The University of Toronto this week released a paper titled “DRAM Errors in the Wild“. You might have read that he paper was sponsored by Google. In a way, it was; the first author is Bianca Schroeder is an intern from the University of Toronto who is working at Google. A couple of Google employees are listed as second authors.
There are lots of interesting facets to this paper, and I read it very eagerly.
Some have to do with the paper itself, or the process behind it. It’s remarkable that Google gives interns interesting work to do, and allows them to take full credit for it—being listed as first author on a relevant academic paper while interning at a research-heavy company like Google is flattering for the student and very generous from the company. I don’t mean that to sound like I’m assuming Ms Schroeder didn’t deserve the opportunity or do the work. It’s just that companies generally don’t reward interns for their hard work, and sometimes don’t even offer them opportunities on high-visibility projects.
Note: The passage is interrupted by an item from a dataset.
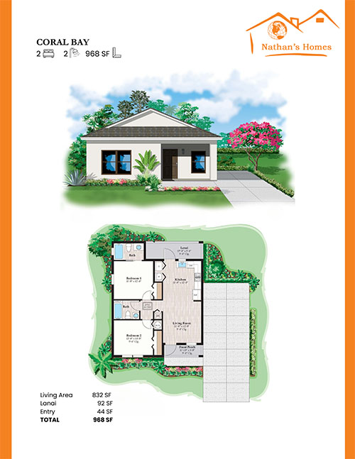 Coral Bay 2BR | 2B | 2 Car Garage | LA 832 SQF | Total Area 968 SQF Click for Larger Image Project navigationPreviousPrevious project:2 BR Seabreeze RetreatNextNext project:2 BR Sunset Key
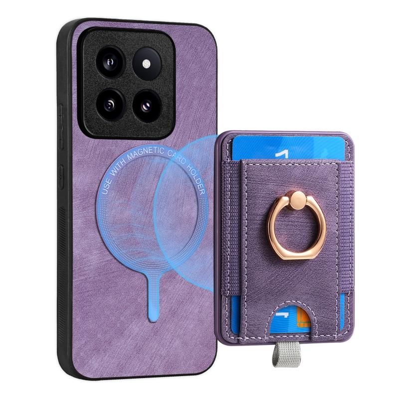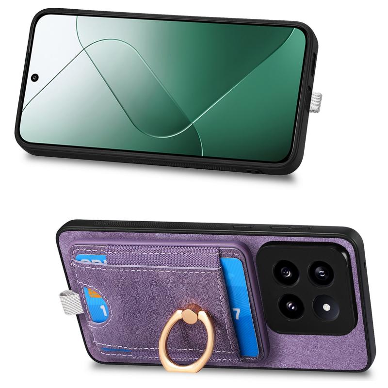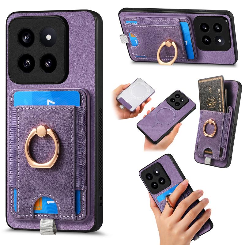 For Xiaomi 14 Pro Retro Splitable Magnetic Card Bag Leather Phone Case(Purple)

Another interesting fact is that Google so carefully monitors its servers. The hard drive paper, and now this memory paper, show us that Google is paying close attention to their machines. In a way, you’d assume that they’d have to, since their farms are geographically distributed and numerous. (One estimate suggests they have a million servers, while others are in the solid five-digit range. The latter seems more relevant, since the paper identifies the sample population as “many ten-thousands of machines”, though this doesn’t discredit the lager estimate.) While redundancy and distribution help, they still need people to replace failing hardware. Lots of companies check on the health of their rigs, but to do so at a level of detail that tracks and stores the history of those machines is a technique that’s very sensible and forward-thinking.
Google, with its large (or huge?) array of servers has the unique opportunity to study computer equipment in the same environment where it’s normally installed and used, as it is actually used, rather than in a laboratory environment. The results of these observations are very valuable to anyone who deploys servers. Since they help show how the machines might predictably fail or degrade, server operators can do better jobs of estimating and planning, resulting in better service and less waste.
DRAM, as we know, is the volatile memory that stores data closest to the processor. Like any other part of a computer, it can experience errors. When the processor stores data in it, the data might not be stored correctly. When the data is retrieved, it might not match what was stored. That’s obviously a problem: if the data stored in memory is actually code, the corruption actually causes a crash or unpredictable execution. If the data is user data, the manifestation ends up being incorrect results or a crash, as well.
But how often does DRAM fail?
The study of the Google servers shows that it fails more frequently than we previously thought; that temperature of the device doesn’t correlate to failure, and the manufacturer doesn’t correlate to failure, as well. The relationship between temperature and failure is interesting, since it might mean that we over-cool our computers. All computers have exhaust fans, and it seesms that too much energy might be spent on spinning those fans if we can correlate neither disk drive nor DIMM failure to ambient temperature. The idea that certain vendors make memory that’s less prone toe errors is also relieving, as the paper concludes that its the design of hte host system which more directly correlates to memory errors. Builders should spend their attention, then, on choosing robust systems rather than memory which vendor offers the best memory. That is, paying a premium for a particular vendor is probably a waste.
A very interesting finding is that utilization does increase memory rate. While this finidng is suprising, I’m not sure how it might be practically applied as memory is there to be used. It would be remarkable to provision a machine with twice as much memory as needed just to try and reduce the chance of memory errors, but the fact that high rates of memory access increase the normalized rate of errors suggests that memory simply isn’t as reliable as we might like to think.
The most substantial item in the paper is the high rate of errors. The case is very strong for using EEC memory; most server machines do so already, as do some high-end workstations. But very few desktop machines do. Since density also correlates to higher error rates, I think we can expect that as density increases, ECC will eventually become necessary at all levels.